At this time, the specific details of the iron plate, the expanded graphite sheet, the ceramic fiber sheet, and the film containing the ceramic hollow body or insulator are as defined above. In addition, the lamination positions of the iron plate, the expanded graphite sheet, the ceramic fiber sheet, and the film containing the ceramic hollow body or insulator can be changed as needed, and each material can be bonded, for example, by an ultrasonic method, and can be bonded by using a polyolefin primer or adhesive layer.

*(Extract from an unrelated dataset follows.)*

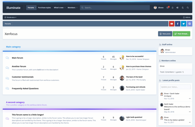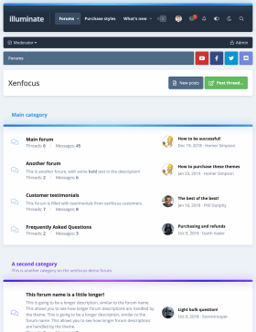 illuminate is a minimal, modern theme for xenforo 2. A compact, dark header neatly contains your logo, navigation, a fluid search bar and user icons - while your main content is placed on a simple background for easy reading. Categories can be styled with their own unique colour scheme which is especially great for sports teams, brands, games or movies.

The scope of the present invention is not limited to the above-described embodiments, but can be implemented in various forms of embodiments within the scope of the appended claims. It is deemed that the scope of the claims of the present invention is within the scope of the description of the claims of the present invention to the extent that anyone with ordinary knowledge in the technical field to which the invention pertains can make modifications without departing from the gist of the present invention claimed in the claims.

Claims (10)

iron plate,
An expanded graphite sheet formed on the above iron plate,
A ceramic fiber sheet formed on the above expanded graphite sheet, and
A refractory sheet comprising a film containing a ceramic hollow body or insulation formed on the ceramic fiber sheet,
The above expanded graphite sheet is formed by mixing expanded graphite powder and a binder and manufacturing it in a pellet shape,
The above ceramic fiber sheet is selected from the group consisting of silica fabric, silicone coated silica fabric and flame retardant resin coated silica fabric,
A refractory sheet, characterized in that the thickness of the ceramic fiber sheet is 0.3 to 1 mm. delete In the first paragraph,
A refractory sheet, characterized in that the thickness of the expanded graphite sheet is 0.5 to 3 mm. delete delete In the first paragraph,
A refractory sheet characterized in that the film containing the ceramic hollow body or insulation further includes at least one selected from the group consisting of PBS (poly butadiene styrene), PE (polyethylene), and PP (polypropylene). In the first paragraph,
A refractory sheet, characterized in that the thickness of the film containing the ceramic hollow body or insulation is 0.1 to 1.5 mm. delete In the first paragraph,
A fire-resistant sheet characterized by being used in building materials, electric vehicle (EV) battery packs, or energy storage systems (ESS). Steps to provide the iron plate,
A step of providing an expanded graphite sheet formed on the above iron plate,
A step of providing a ceramic fiber sheet formed on the expanded graphite sheet, and
A method for manufacturing a refractory sheet, comprising the step of providing a film containing a ceramic hollow body or insulation formed on the ceramic fiber sheet,
The above expanded graphite sheet is formed by mixing expanded graphite powder and a binder and manufacturing it in a pellet shape,
The above ceramic fiber sheet is selected from the group consisting of silica fabric, silicone coated silica fabric and flame retardant resin coated silica fabric,
A method for manufacturing a refractory sheet, characterized in that the thickness of the ceramic fiber sheet is 0.3 to 1 mm.